==== Available records ====

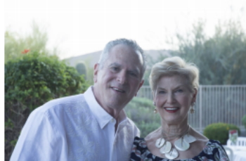
Can you describe how Villages of the Berkshires works?

Villages is not a group of buildings; it is "neighbors helping neighbors" so that members can enjoy life in their homes safely, successfully and affordably. Members have access to information, volunteer services and social opportunities that contribute to a healthy, vibrant and meaningful life. Volunteers provide everything from transportation, to friendly check-in calls, to reading aloud, to minor household repairs and technology assistance. Villages is funded by membership fees, donations and grants.
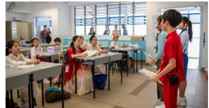
Classroom observation during school tour

9. Building Civic Literacy. Our school's approach to developing civic literacy focuses on nurturing students' understanding of Singapore's identity, respect for diversity, and commitment to community contribution. This is achieved through the CCE curriculum, anchored on three key concepts of Identity, Relationships, and Choices. Learning is reinforced through various platforms such as National Education commemorative events, cohort-based activities and learning journeys, school assemblies and special programmes, and school-based initiatives promoting student agency and leadership. Several of these events were organised this term.
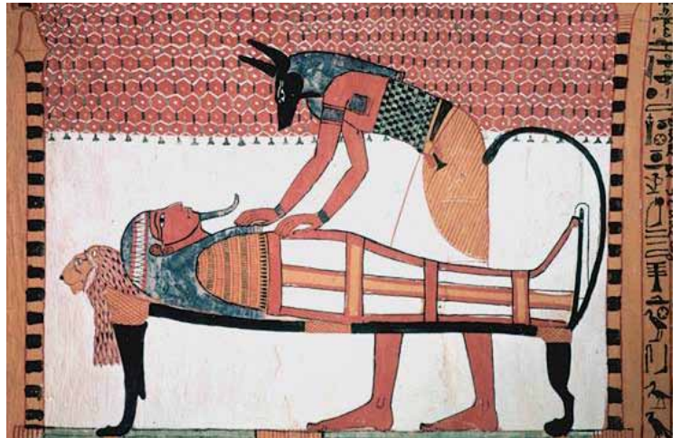
Egyptian god Anubis attending a mummified body

Look at the ground of the car park and even the asphalt and white lines have a story to tell. Asphalt is made from distilling crude oil. Britain currently imports about half of its oil, with most imports coming from Norway.
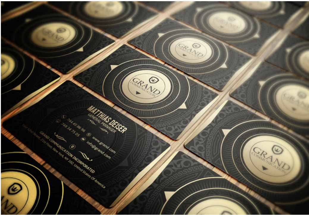
Silk lamination 24Pt with Spot UV Business Cards (Blind Press embossing and a Hole punch)
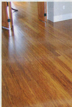
Sustainable Flooring. Strandwoven bamboo flooring is a compressed and densified bamboo composite. The maker says it does not use aluminum oxide in its prefinished coating because it scratches white. Colored Strandwoven has color infused into the wear layer before compression. Traditional bamboo flooring also is available in two shades of carbonized or natural. 303-544-6076. www.sustainableflooring.com . Circle 253.
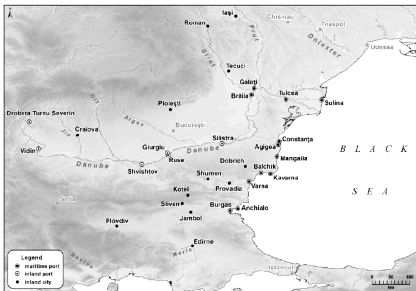
FIGURE 3 The main trading centres on the western Black Sea coast (19 th century)
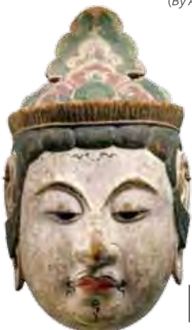
Important Cultural Property Brahmā from Twelve Deva Masks Kyoto National Museum
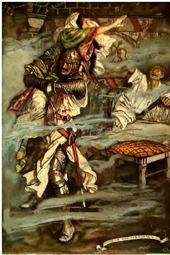
So saying, he seized on the terrified maiden, and bore her out of the room in his arms in spite of her cries.

"I had not found thee, Wilfred," said the Black Knight, who at that instant entered the apartment, "but for thy shouts."
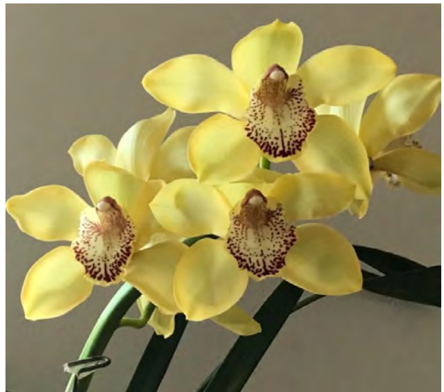
Gary Lensmeyer's Cymbidium Yellow hybrid
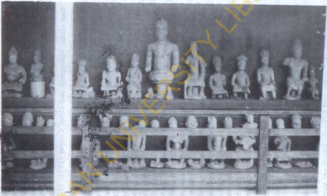
Plate 6: Another aberrant figure from Esie. This picture illustrates the size difference between it and the others in Esie (National Museum, Esie).
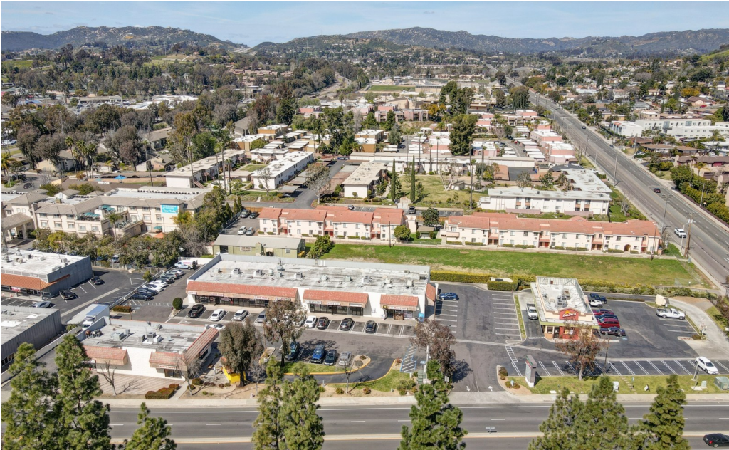
120-136 W El Norte Parkway, Escondido, CA 92026
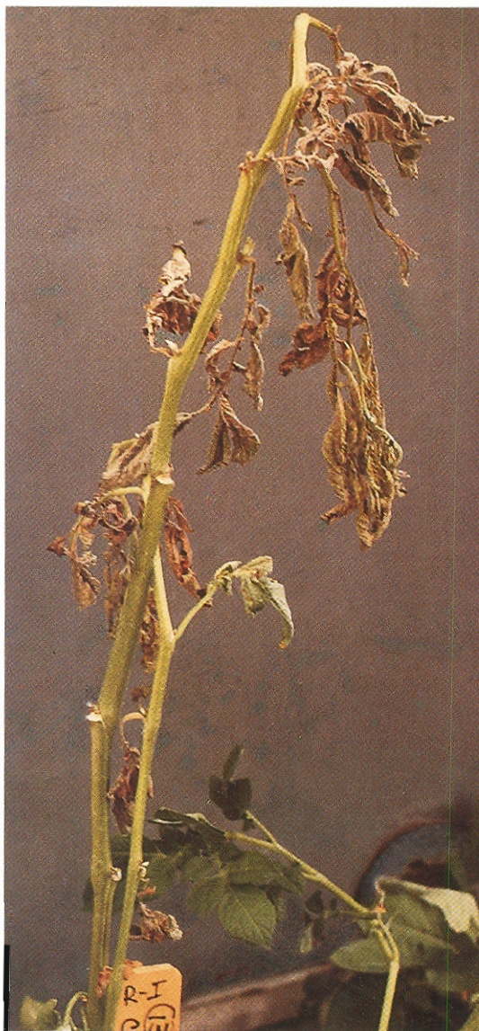
Fig. 1. Symptoms of severe Verticillium wilt on Russet Burbank potato.

Potato seed also may provide a source of inoculum, but its importance is questionable. Recent unpublished studies by the University of Idaho demonstrate that even when Verticillium -free seed is introduced to virgin ground, V. dahliae infection in potato stems commonly appears by season's end. This may be explained by the ability of soilborne V. dahliae microsclerotia to survive air drying as it moves from field to field with high winds.
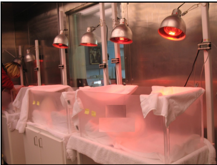
Figure 14. A closer view of Plexiglas ® brooder boxes on brooder stands. Note arrangement of toweling inside. Digital readouts are mounted on each vertical pole with temperature probes extending into brooders.
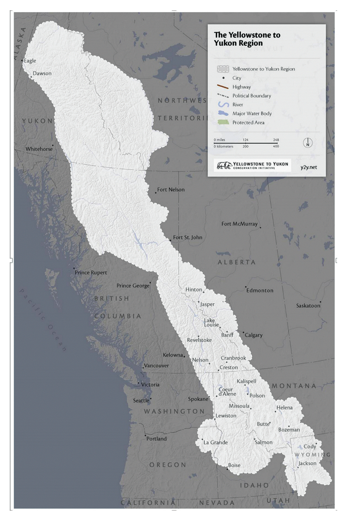
FIGURE 3. The Yellowstone to Yukon Region. Adapted from Chester 2003.

stress the efforts already in place to encourage sustainable harvest of resources and which regard human populations as part of the healthy ecosystem, rather than as a competitor to it (Chester 2003).
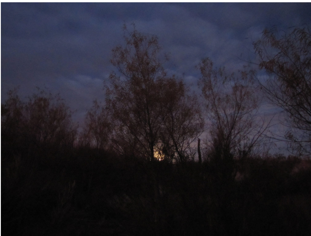
11-21-2010 06:44 – The moon setting just visible over the edge of the water hole.
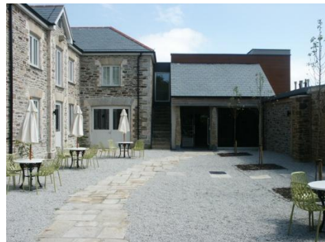
Courtyard terrace – please note surface finishes

The rear courtyard terrace has level access with a paved path through its length, however the surface to either side of this path consists of loose decorative stone chippings, and help may be required to transverse this area.
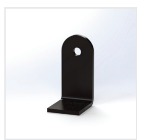
FMB-3 (3.1 mm diam.) Mini Plastic Fiber Optic
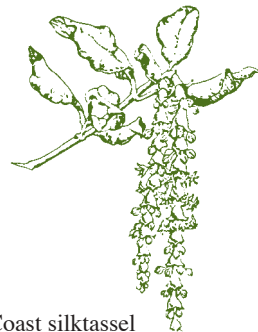
Coast siltassel Garrya elliptica
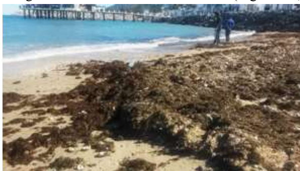
Figure.4. Stranding of Rugulopteryx okamurae in M'diq beach.

In February 2018, a remarkable stranding of R. okamurae was observed in M'diq beach, 35° 40'59" N and 5°19'8" W (Figure 1B and Figure 4) and in March 2018 some specimens fixed on the rocky in intertidal area were observed near the harbour of Tanger, 35°47'25" N and 5°48'50" W (Figure 1D).
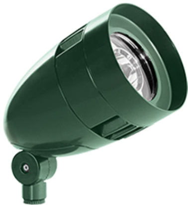
Color: Verde green Weight: 4.3 lbs
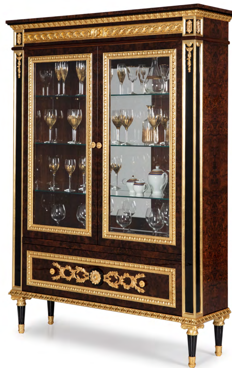
CABINET– Ref.: 50598.0 Height: 215 cm / 84,65 in Width: 154 cm / 60,63 in Depth: 45 cm / 17,72 in Net weight: 213,00Kg / 83,86 lb Finish: NON.POE / OA (584/231)
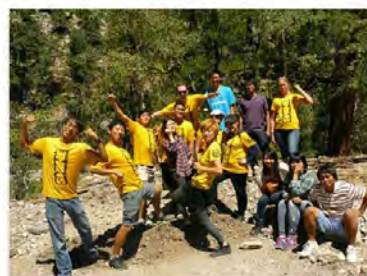
August 15, 2014 @ Mt. Charleston
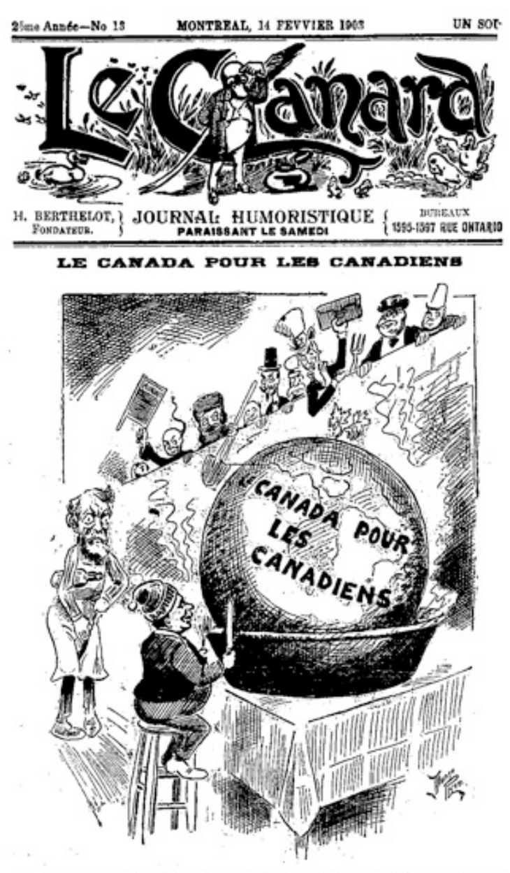
- Blen afr ene je vals me douner une indigestion, si je mange teut cela seul ; je ferala peut-être mieux €leviter mes volsias.

====

§ **Your assignment**: Pictures stay out. Transcribe the lines from the start of the entries above through the line with "So saying, he", exactly.

§ **Response area**:
Can you describe how Villages of the Berkshires works?

Villages is not a group of buildings; it is "neighbors helping neighbors" so that members can enjoy life in their homes safely, successfully and affordably. Members have access to information, volunteer services and social opportunities that contribute to a healthy, vibrant and meaningful life. Volunteers provide everything from transportation, to friendly check-in calls, to reading aloud, to minor household repairs and technology assistance. Villages is funded by membership fees, donations and grants.
Classroom observation during school tour

9. Building Civic Literacy. Our school's approach to developing civic literacy focuses on nurturing students' understanding of Singapore's identity, respect for diversity, and commitment to community contribution. This is achieved through the CCE curriculum, anchored on three key concepts of Identity, Relationships, and Choices. Learning is reinforced through various platforms such as National Education commemorative events, cohort-based activities and learning journeys, school assemblies and special programmes, and school-based initiatives promoting student agency and leadership. Several of these events were organised this term.
Egyptian god Anubis attending a mummified body

Look at the ground of the car park and even the asphalt and white lines have a story to tell. Asphalt is made from distilling crude oil. Britain currently imports about half of its oil, with most imports coming from Norway.
Silk lamination 24Pt with Spot UV Business Cards (Blind Press embossing and a Hole punch)
Sustainable Flooring. Strandwoven bamboo flooring is a compressed and densified bamboo composite. The maker says it does not use aluminum oxide in its prefinished coating because it scratches white. Colored Strandwoven has color infused into the wear layer before compression. Traditional bamboo flooring also is available in two shades of carbonized or natural. 303-544-6076. www.sustainableflooring.com . Circle 253.
FIGURE 3 The main trading centres on the western Black Sea coast (19 th century)
Important Cultural Property Brahmā from Twelve Deva Masks Kyoto National Museum
So saying, he seized on the terrified maiden, and bore her out of the room in his arms in spite of her cries.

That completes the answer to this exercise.